═════ Input for this task

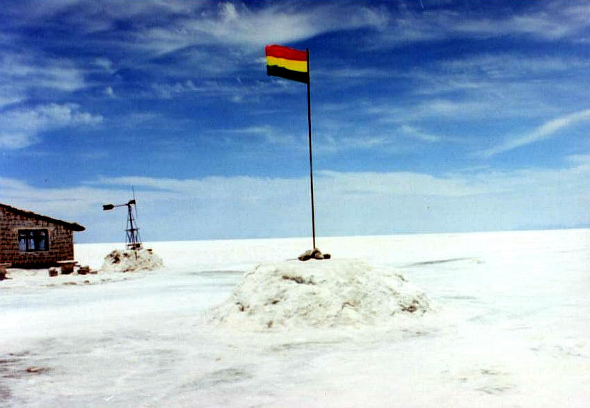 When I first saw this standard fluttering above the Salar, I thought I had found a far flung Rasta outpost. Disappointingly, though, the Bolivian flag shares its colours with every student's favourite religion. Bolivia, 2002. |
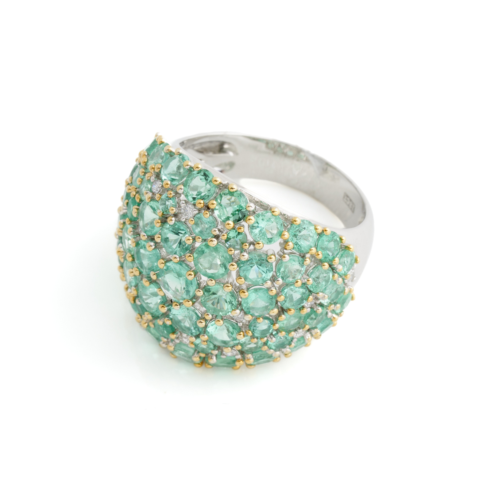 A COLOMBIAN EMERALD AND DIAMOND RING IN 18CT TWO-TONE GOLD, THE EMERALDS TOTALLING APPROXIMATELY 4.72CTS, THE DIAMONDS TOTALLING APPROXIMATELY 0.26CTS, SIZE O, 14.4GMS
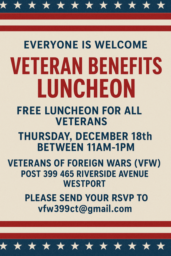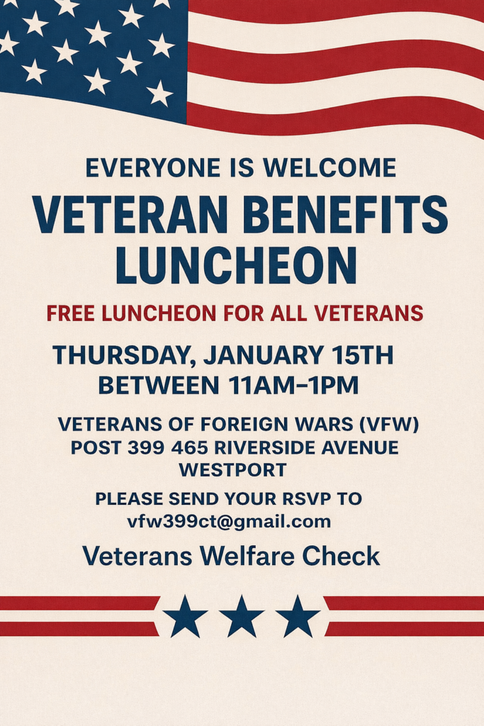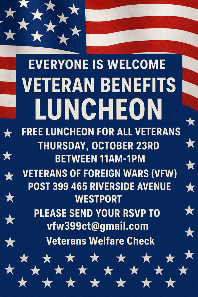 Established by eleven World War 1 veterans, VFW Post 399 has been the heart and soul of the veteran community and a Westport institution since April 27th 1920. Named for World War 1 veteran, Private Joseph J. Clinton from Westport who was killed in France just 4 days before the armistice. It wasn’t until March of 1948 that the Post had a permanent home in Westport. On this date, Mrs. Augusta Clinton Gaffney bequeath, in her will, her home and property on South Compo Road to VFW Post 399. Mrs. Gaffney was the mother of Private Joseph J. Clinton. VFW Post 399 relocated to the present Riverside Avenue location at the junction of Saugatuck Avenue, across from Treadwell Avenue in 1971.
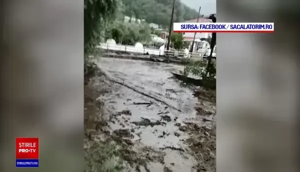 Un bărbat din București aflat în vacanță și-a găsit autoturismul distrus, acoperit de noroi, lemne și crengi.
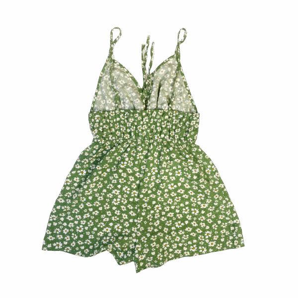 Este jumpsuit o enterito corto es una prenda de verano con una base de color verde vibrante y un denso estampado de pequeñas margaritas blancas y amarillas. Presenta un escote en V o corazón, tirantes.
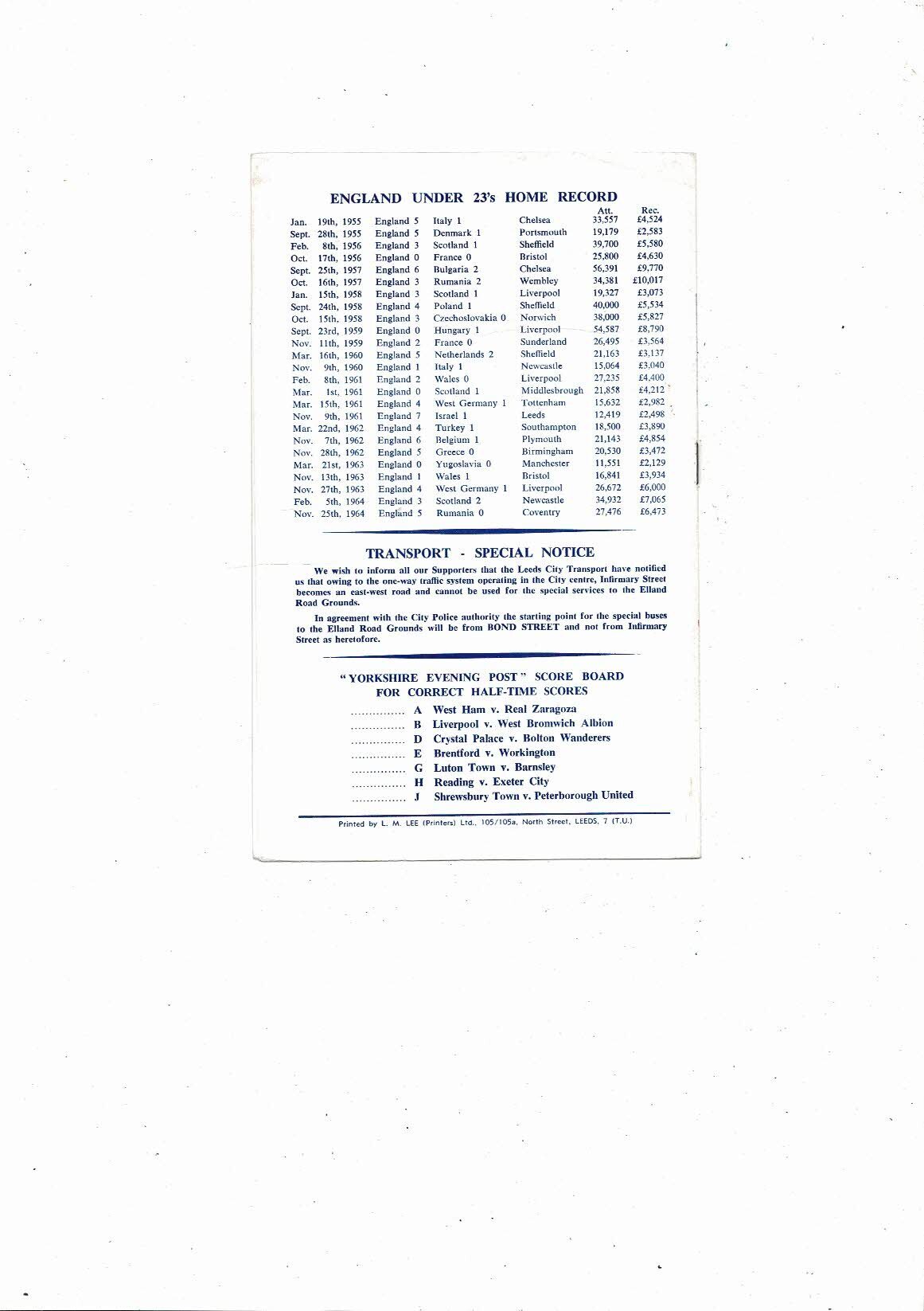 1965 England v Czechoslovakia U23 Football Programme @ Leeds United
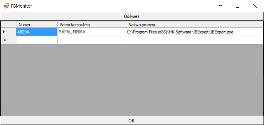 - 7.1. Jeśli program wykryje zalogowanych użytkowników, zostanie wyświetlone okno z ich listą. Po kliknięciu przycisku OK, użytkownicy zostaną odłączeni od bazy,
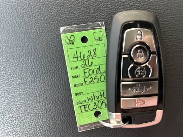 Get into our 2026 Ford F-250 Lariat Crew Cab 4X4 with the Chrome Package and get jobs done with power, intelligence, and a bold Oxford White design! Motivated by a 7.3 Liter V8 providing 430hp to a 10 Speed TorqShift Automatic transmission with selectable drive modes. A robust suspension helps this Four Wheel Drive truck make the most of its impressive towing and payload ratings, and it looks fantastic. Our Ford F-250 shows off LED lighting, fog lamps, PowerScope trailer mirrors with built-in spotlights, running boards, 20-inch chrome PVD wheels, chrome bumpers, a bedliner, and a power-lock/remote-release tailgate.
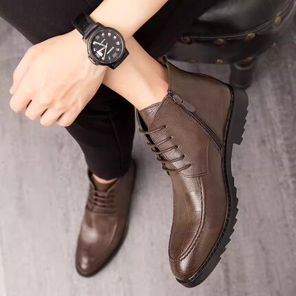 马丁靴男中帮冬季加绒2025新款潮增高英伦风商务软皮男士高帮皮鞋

══════════

The problem
The line containing "A COLOMBIAN EMERALD" marks where the copy ends; print every line before it from the start of the records, and that line too, but no pictures.

Answer below
 When I first saw this standard fluttering above the Salar, I thought I had found a far flung Rasta outpost. Disappointingly, though, the Bolivian flag shares its colours with every student's favourite religion. Bolivia, 2002. |
 A COLOMBIAN EMERALD AND DIAMOND RING IN 18CT TWO-TONE GOLD, THE EMERALDS TOTALLING APPROXIMATELY 4.72CTS, THE DIAMONDS TOTALLING APPROXIMATELY 0.26CTS, SIZE O, 14.4GMS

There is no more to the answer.